Brian Jones Was Murdered

Walking into World Records was a little like stepping back in time. Not only was it crowded with customers seeking out unique LPs on Record Store Day, some of Bakersfield’s music royalty were there, casually sitting around circular tables, decorated to look like records.

It was a family reunion of sorts, if you were around in the early 1990s when the Bakersfield music scene was thriving and bands like Spike 1000, Cradle of Thorns, Jumping Trains and Brian Jones Was Murdered were familiar faces in local venues like Jerry’s Pizza and Bottom’s Up (now Riley’s).

At the ripe old age of 30, still clinging to the idealism of a 20-something, Charles McNeil decided to form a band.

It wasn’t his first band, but it would be the last one birthed in Bakersfield. Of course, no one knew that then. All they knew was this unusual marriage of punk and pop melded together to create a sound unlike any other to come out of Bakersfield before or since.

When I first saw them play in 1998, they were a mop-topped Beatle-esque foursome, belting their lyrics into 1950s-style mics. Twenty years later, they look a little different, and only two of the original members remain – but they can still entertain a crowd.

When asked where the name came from, McNeil described his long flight to England in the early ’90s and his exhausted pilgrimage to the grave of Brian Jones, founder and original leader of the Rolling Stones. A fan since he was a kid, McNeil was fairly obsessed with Jones at the time, and when he later decided to form the band, the name just seemed right.

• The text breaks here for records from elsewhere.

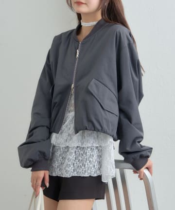 サテンショートブルゾン
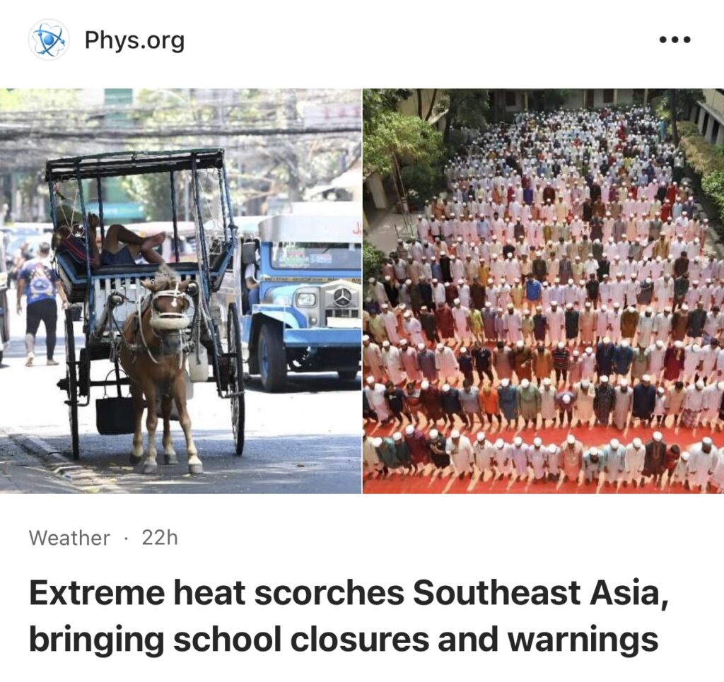 15。据Pys.org 报道,周三,极端高温烧焦了南亚和东南亚部分地区,导致菲律宾各地的学校停课,泰国首都发布高温警告,孟加拉国的信徒祈雨。
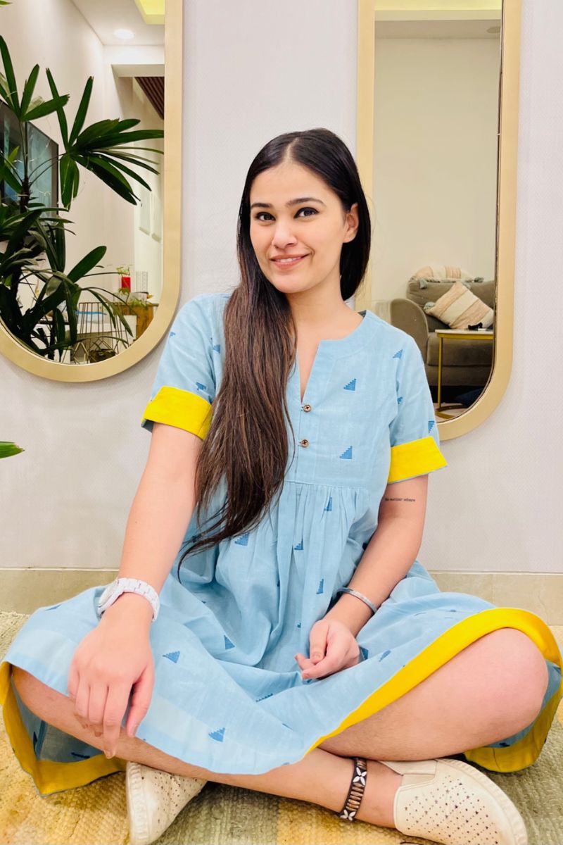 - The dress has a round neck with a V cut and contrast detailing on inner side of hem and sleeves
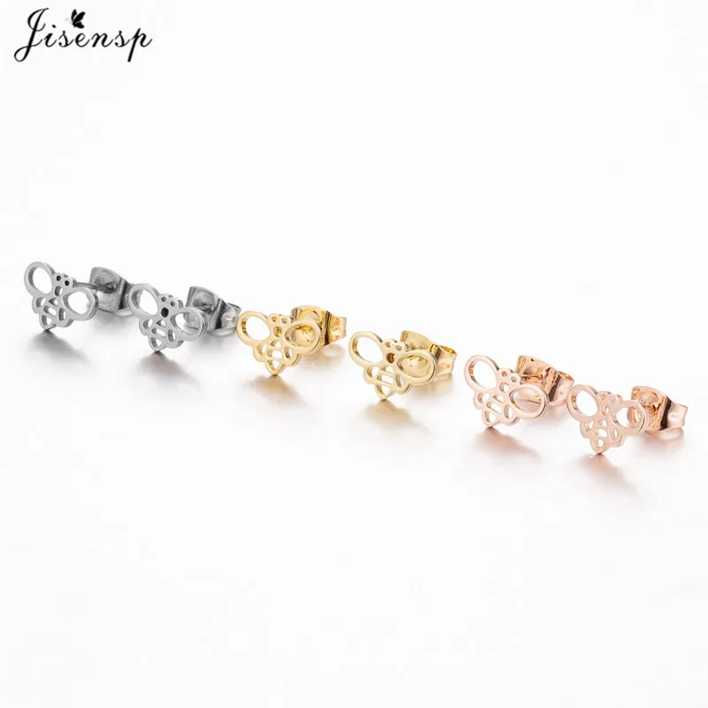 Женские серьги-гвоздики Jisensp, из нержавеющей стали, с ажурными цветами и бабочками, ювелирные изделия в Корейском стиле
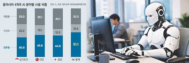 분석 결과, 한국의 AI 업무용 사용 비율은 51.1%로 4개국 중 가장 높았다. 대만은 45.8%, 일본은 44.6%, 싱가포르는 40.8%로 모두 40%대에 머물렀다.
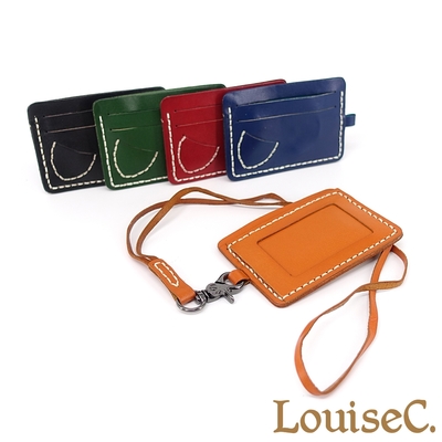 【 Tree House 】LouiseC. 植鞣革牛皮手縫線設計工作證件套卡夾(5色)-附頸掛吊繩 CC2515
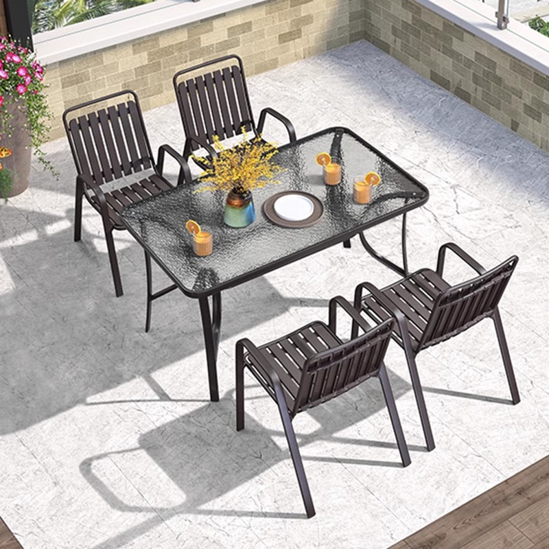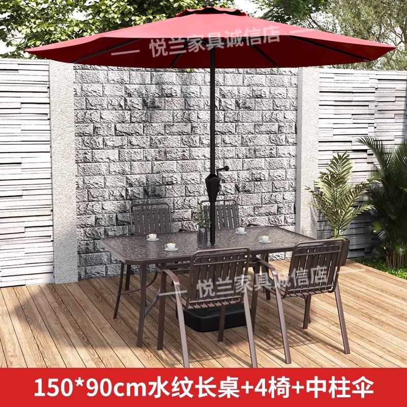 • 150*90cm 강화유리 조립식 긴 테이블 + 수직 의자 4개 + 빨간색 단일 상단 중앙 기둥 우산
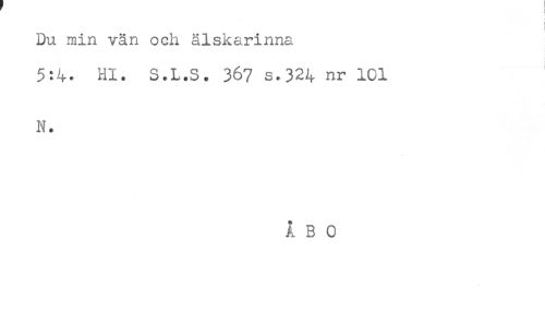 //// Du min vän och älskarinna //// 5:4. Hl. S.L.S. 367 s.324 nr 1C1 //// N. //// ÅBO ////
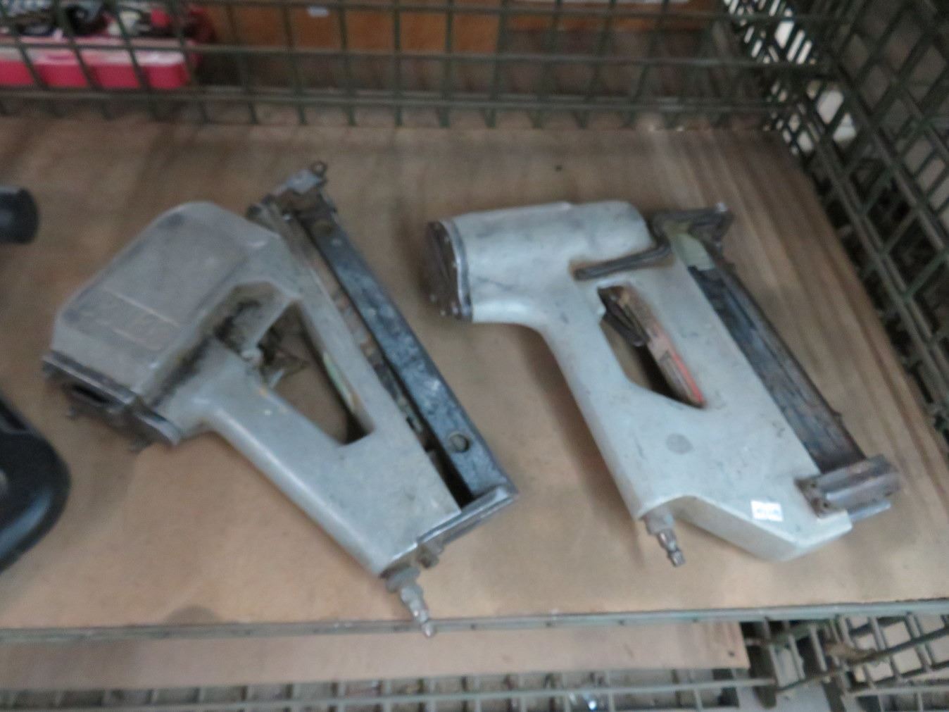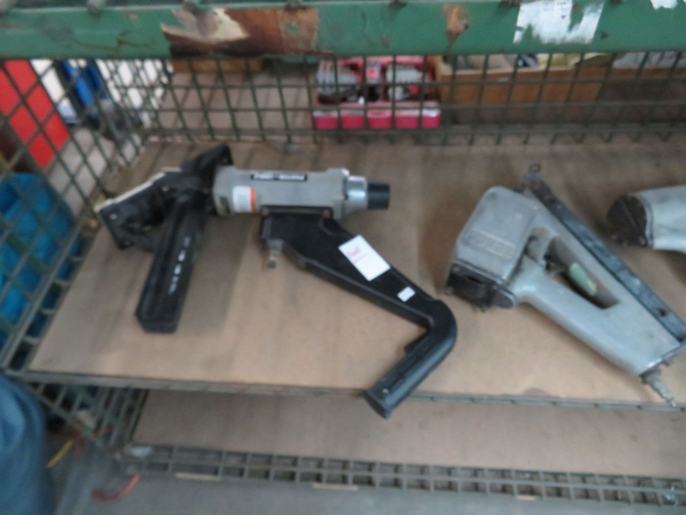 Shelf of Air Staple Guns (2), Porter Cable Air Cleat Nailer

Bass player David Pearson, also a Bakersfield native and the only other original member, shares in the singing and songwriting. When I asked them who the lead singer is, they turned the question around, asking me who the lead singer of the Beatles was, John or Paul? They’re a pair of bookends on stage, but each of them contributes their own unique flair.

As for the band’s other members, there has been a rotating cast of drummers and lead guitarists over the years, but current drummer Joe Curet has been with the group a year now.

Originally from Chicago, he spent his formative years in Nashville, touring with rockabilly punk band This Train, even playing a show in Bakersfield somewhere along the way. He says his claim to fame is having been to every state in the union, except Alaska. After moving to Los Angeles in 2016, he was having a hard time finding someone looking for a drummer, until he answered an ad Charles and David had placed on Craigslist.

“In Nashville, you can throw a rock and hit somebody looking for a drummer. When I moved to LA, it took forever to find anybody to play with. So I was so happy to find these guys. When I heard their music, I knew I would fit right in,” said Curet, whose soft-spokenness belies his humility. A left-handed drummer, he contributes a lot to the group’s sound. And he can sing. They plan to get him on a mic soon.

Lead guitarist Dan Delcastillo has more of a punk rock background, but since BJWM’s sound is a hybrid, it works well. An Orange County native, he spent some time playing with the Road Vultures, a punk band out of New York, as well as various other Los Angeles bands before finding Charles and David, also on Craigslist. He’s been playing lead guitar since the band reformed almost three years ago.

They group plans to continue playing shows around Los Angeles and do some more recording. They would love to come back and play another show in Bakersfield, if they can find a venue that will have them. They’re not your mother’s cover band, but they’re also not going to draw the teenage hordes.

Ultimately, it can be hard finding where they fit in.

“It’s something we ran into back in the ’90s,” said McNeil. “We weren’t punk rock enough to play with the punk bands and we weren’t mellow enough to play the alternative scene.”

In an effort to relaunch the band, BJWM remastered its original 1997 LP, “Death of a Popstar,” releasing it as a 20th anniversary edition in 2017. They will be performing at the upcoming International Pop Overthrow Festival in Los Angeles this summer.